→ Instructions for the task: What you return must be an exact copy of the lines in the listing below between the line holding "石川県で唯一の「姿勢矯正士」" and the line holding "GPT 설명을 참고하여 ‘조건부 서식’ 지정했어요.", inclusive, and nothing more.

→ Data for analysis:
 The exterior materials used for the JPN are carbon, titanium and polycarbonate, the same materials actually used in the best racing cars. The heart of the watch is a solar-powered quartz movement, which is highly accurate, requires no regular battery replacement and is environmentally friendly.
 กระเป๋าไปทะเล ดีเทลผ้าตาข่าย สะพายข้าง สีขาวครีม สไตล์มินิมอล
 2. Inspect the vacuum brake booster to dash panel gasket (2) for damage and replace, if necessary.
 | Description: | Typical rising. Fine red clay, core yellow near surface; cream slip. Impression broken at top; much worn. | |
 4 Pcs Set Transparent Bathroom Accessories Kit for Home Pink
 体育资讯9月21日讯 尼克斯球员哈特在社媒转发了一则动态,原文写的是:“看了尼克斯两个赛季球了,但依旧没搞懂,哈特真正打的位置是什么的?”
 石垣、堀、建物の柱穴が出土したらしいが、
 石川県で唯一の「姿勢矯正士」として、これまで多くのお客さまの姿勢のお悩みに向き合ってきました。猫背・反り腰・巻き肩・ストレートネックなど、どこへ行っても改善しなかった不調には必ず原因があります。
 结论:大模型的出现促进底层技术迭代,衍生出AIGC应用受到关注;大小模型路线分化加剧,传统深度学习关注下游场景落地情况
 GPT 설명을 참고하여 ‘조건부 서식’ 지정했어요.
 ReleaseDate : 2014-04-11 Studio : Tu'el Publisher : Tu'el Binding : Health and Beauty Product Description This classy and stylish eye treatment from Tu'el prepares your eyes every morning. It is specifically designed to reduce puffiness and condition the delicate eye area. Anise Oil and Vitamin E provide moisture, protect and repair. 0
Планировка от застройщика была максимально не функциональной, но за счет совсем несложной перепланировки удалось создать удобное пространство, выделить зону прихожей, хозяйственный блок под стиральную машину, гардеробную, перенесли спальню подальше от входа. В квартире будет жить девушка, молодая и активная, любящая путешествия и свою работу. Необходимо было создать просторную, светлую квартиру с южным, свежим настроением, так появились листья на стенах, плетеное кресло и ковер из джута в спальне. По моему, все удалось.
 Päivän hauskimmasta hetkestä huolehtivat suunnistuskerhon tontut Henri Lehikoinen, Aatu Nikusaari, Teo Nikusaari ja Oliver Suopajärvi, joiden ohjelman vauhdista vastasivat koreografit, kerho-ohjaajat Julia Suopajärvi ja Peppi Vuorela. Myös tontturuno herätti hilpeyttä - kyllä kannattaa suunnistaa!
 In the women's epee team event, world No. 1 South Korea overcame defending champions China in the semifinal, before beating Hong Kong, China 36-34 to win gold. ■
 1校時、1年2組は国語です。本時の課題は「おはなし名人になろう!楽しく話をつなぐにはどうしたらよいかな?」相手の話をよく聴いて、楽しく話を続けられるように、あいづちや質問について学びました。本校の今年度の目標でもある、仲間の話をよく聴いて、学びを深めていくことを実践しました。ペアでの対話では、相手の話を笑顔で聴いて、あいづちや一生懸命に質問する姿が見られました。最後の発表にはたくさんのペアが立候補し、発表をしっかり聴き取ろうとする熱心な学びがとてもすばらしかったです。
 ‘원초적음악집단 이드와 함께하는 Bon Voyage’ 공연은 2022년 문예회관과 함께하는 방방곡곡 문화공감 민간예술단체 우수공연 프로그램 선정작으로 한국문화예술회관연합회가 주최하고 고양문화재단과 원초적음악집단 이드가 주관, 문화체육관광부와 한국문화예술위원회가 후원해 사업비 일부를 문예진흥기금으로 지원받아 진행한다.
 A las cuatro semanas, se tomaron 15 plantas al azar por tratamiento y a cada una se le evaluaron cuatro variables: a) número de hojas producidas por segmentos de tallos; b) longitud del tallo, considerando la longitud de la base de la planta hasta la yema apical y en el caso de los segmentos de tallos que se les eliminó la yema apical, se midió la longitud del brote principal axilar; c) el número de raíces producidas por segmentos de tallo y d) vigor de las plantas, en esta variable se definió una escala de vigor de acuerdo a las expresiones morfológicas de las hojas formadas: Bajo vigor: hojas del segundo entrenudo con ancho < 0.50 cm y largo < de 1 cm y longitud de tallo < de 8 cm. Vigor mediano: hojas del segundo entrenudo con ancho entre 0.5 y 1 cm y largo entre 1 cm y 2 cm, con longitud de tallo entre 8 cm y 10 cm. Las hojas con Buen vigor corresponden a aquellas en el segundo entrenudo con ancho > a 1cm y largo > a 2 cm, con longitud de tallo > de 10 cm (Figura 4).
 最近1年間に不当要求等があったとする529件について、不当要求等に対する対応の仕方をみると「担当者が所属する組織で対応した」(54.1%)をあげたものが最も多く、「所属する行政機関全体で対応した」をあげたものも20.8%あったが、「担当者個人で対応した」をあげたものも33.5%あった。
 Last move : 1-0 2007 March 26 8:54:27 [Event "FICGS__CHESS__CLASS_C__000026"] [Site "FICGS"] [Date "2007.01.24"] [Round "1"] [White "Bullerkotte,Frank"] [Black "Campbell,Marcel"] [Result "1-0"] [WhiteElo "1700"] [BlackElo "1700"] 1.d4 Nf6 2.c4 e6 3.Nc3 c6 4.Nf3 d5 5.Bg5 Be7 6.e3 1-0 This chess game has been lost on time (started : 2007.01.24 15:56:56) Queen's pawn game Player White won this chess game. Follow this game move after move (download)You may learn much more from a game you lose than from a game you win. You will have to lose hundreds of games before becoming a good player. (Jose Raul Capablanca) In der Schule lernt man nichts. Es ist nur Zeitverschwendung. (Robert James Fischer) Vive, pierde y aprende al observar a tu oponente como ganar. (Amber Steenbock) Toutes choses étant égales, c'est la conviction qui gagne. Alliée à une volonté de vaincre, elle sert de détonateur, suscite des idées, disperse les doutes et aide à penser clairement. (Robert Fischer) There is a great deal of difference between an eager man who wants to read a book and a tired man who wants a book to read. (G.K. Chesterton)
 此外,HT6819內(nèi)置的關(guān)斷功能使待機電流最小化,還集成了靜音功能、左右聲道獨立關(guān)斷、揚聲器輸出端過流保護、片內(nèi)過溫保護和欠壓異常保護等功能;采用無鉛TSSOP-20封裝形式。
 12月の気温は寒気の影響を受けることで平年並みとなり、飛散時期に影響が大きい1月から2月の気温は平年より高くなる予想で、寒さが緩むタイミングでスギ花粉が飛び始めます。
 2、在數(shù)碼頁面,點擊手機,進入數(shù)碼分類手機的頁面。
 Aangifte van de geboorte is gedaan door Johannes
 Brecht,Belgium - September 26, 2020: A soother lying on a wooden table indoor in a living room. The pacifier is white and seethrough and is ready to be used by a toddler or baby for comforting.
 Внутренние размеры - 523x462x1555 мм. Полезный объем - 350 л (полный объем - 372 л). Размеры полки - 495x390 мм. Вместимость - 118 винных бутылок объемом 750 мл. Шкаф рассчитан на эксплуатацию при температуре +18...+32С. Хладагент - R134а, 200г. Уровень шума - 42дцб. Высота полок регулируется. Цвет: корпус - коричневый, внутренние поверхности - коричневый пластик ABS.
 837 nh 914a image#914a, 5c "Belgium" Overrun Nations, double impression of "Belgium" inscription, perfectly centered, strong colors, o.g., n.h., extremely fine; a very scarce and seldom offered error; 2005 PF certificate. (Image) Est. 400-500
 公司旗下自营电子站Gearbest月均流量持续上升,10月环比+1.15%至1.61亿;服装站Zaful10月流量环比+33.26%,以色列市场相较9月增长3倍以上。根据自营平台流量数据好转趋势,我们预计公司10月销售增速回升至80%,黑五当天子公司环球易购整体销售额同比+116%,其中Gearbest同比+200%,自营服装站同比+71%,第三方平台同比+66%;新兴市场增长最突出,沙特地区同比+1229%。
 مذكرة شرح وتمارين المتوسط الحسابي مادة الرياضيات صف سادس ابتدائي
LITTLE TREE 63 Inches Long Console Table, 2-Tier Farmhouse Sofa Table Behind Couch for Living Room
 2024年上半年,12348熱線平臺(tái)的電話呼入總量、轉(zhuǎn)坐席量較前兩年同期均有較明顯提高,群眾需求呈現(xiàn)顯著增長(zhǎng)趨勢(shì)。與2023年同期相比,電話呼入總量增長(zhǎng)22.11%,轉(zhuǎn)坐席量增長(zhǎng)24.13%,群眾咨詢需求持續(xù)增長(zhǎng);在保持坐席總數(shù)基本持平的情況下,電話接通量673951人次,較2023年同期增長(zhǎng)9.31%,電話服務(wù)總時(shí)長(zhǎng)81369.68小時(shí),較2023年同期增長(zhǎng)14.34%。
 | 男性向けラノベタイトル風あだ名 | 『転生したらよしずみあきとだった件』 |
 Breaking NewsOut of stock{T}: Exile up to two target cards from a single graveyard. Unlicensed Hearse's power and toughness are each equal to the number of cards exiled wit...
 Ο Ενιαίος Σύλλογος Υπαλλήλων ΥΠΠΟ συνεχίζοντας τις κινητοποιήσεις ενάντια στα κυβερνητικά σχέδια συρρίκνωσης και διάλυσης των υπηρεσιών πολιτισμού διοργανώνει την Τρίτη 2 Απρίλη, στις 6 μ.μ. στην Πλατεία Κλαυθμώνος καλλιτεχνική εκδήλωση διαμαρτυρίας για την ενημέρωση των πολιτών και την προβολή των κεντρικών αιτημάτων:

→ Result for this exercise:
 石川県で唯一の「姿勢矯正士」として、これまで多くのお客さまの姿勢のお悩みに向き合ってきました。猫背・反り腰・巻き肩・ストレートネックなど、どこへ行っても改善しなかった不調には必ず原因があります。
 结论:大模型的出现促进底层技术迭代,衍生出AIGC应用受到关注;大小模型路线分化加剧,传统深度学习关注下游场景落地情况
 GPT 설명을 참고하여 ‘조건부 서식’ 지정했어요.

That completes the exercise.